The bank, in an attempt to branch out from real-estate lending, is now aggressively pitching FTrans-facilitated receivables lending to new and existing clients, many of whom wouldn’t qualify for other types of commercial loans, Mr. Dunbar says.

Today, a year and a half since Synovus first implemented the FTrans system, more than three dozen clients from the bank’s three commercial offices are using it. The bank has a right to choose how much of each invoice it is willing to advance—maybe 90% for a well-known retailer but only 70% for a lesser-known company that seems like a greater risk. Borrowers typically pay between 1% and 3% on each transaction, Mr. Dunbar says. The bank and FTrans each take a chunk of that.

FTrans also administers a handful of loans on its own. That’s the case for Billy Teagle, president of Atlanta-based retail-merchandising company Rocket Retail Merchandising LLC. In October, Mr.

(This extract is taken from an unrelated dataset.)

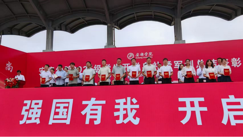 2025级学前教育专业麻帅华在军训总结表彰大会上发出“家国情怀”“理想航向”“本领淬炼”三项约定,代表全体新生宣誓:“请党放心,强国有我!”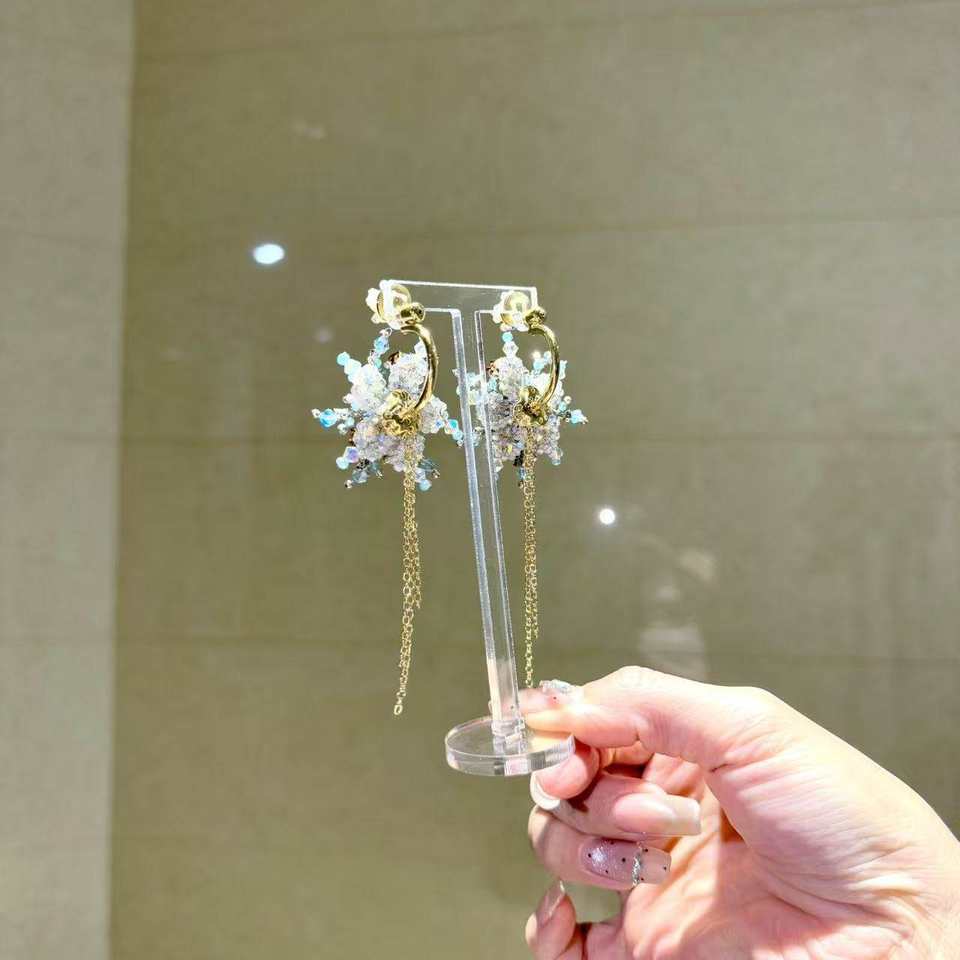 Boucles d'oreilles minimalistes modernes en imitation perle de la série flocon de neige, vente chaude, design 11 cm, tempérament, sens avancé, usage quotidien

Teagle went to his bank to ask for a $300,000 line of credit to fund a geographic expansion.

“They wouldn’t give me the time of day, despite having four years of profits,” Mr. Teagle recalls.

Mr. Teagle called FTrans, and they set up a line of credit, secured by receivables, with a $300,000 limit. He estimates that he’s financing as much as $75,000 each week through FTrans, inputting invoices into the FTrans system when he bills clients and borrowing against them until his customers pay. Mr. Teagle says he had a problem when a client paid a $25,000 bill 30 days late and he was forced to pay the interest on the loan for the extra time. If multiple customers did that at the same time, it would be a problem. So far, though, that has happened only once.

Getting Big-Company Rates

With buyers anxious to extend payment terms in tough times, some are turning to Atlanta’s PrimeRevenue Inc., a supply-chain finance company. PrimeRevenue works with large companies—from car makers to retailers—that want a few extra days to pay their hundreds of small suppliers. Through a network of bank partners, PrimeRevenue will advance the money owed to the small suppliers, at an interest rate that’s based on the credit standing of the bigger buyer company—generally a single-digit annual rate, PrimeRevenue says. PrimeRevenue’s fee is wrapped into that rate; the rest of it goes to the banks that provide the financing. Suppliers can log into the program, look at their future-dated receivables and either elect to wait for the buyer to pay the bill, or click a button to get an advance.

Small suppliers can’t just ask to be in the program, however. The bigger buyer company has to initiate the system and pay a fee to participate. Today, PrimeRevenue services 40 big global companies or units of those companies, up from about 30 early last year.

For small suppliers, the program offers an opportunity to land financing at rates based on the credit quality of their big customers, instead of the higher rates generally offered to smaller companies. When a big industrial customer told executives at metal-stamping company Universal Metal Products about PrimeRevenue, “our initial reaction was skeptical, because whenever you hear of this type of thing you think of some kind of back-room factoring house,” says John Rapacki, the Wickliffe, Ohio, company’s controller. But the rate was much lower than a factor, and Mr. Rapacki liked the ability to use the system without a fixed commitment. (Universal Metal Products’ large customer doesn’t want to be named; some participating companies would rather not admit they are extending payment terms.)

The ability to pick and choose when to use the system for financing has proved critical in recent months as rates have marched higher amid uncertainty in capital markets, Mr. Rapacki says. At the beginning of 2008, the interest rate on his receivables was around 3%, and Universal Metal Products would regularly take advances on payment. These days, it is closer to 10%, so the company rarely taps into the financing.